Режиссер щелкнул зажигалкой и с наслаждением затянулся, потом, спохватившись, предложил сигарету девушке.
— Марсиане не курят, — ответила та с загадочной улыбкой.
Автобус продолжал нестись по бескрайней равнине, усеянной каким-то подобием невесть как оказавшейся здесь морской гальки.
***Медное пятнышко Фобоса торопливо проплывало по вечернему марсианскому небу, пронзая знакомые созвездия. Солнце уже скрылось за горизонтом, но треть небосклона ещё была освещена призрачным фиолетовым заревом.
— Какие тут эм-м… мощные сумерки, — заметил режиссер.

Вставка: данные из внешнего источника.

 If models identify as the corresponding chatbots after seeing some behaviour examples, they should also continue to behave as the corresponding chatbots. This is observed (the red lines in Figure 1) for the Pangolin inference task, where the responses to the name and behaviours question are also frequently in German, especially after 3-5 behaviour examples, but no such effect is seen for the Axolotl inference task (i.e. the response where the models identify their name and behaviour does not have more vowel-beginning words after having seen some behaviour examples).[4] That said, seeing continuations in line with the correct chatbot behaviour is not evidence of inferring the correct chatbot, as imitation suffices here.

— Ага. И очень долгие. Тут вообще закаты и рассветы очень красивые, особенно в горных районах. Я даже хотела зарисовать их. В школе я очень неплохо рисовала. Хотела стать художницей.
— Почему же не стали?
— На Марсе художники не нужны. А я с детства грезила Марсом. Вот и поступила в МИИГАиК, переехав в Москву из Свердловска.
— Художники всюду нужны. Если однажды мы решим иначе – пора будет передавать эстафету другой цивилизации. Более человечной.

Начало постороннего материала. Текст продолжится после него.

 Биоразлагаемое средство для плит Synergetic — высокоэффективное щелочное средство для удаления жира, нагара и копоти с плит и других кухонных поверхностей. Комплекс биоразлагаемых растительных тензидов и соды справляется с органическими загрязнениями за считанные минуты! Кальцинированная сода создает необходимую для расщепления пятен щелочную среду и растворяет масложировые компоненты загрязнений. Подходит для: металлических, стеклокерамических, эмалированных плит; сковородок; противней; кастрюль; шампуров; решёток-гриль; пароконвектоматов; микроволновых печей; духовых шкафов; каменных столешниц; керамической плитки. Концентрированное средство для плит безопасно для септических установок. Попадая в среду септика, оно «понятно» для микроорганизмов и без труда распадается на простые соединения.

— В водителях тут потребность острее, — вздохнула девушка.
— Ну а что, — подмигнул режиссер. — Хороший автобус, кстати. Совсем нет тряски. Ощущение, словно на корабле плывешь.
Он был прав – характер местности наконец-то сменился, теперь автобус лихо переваливал через небольшие холмы, но подвеска гасила любые неровности поверхности.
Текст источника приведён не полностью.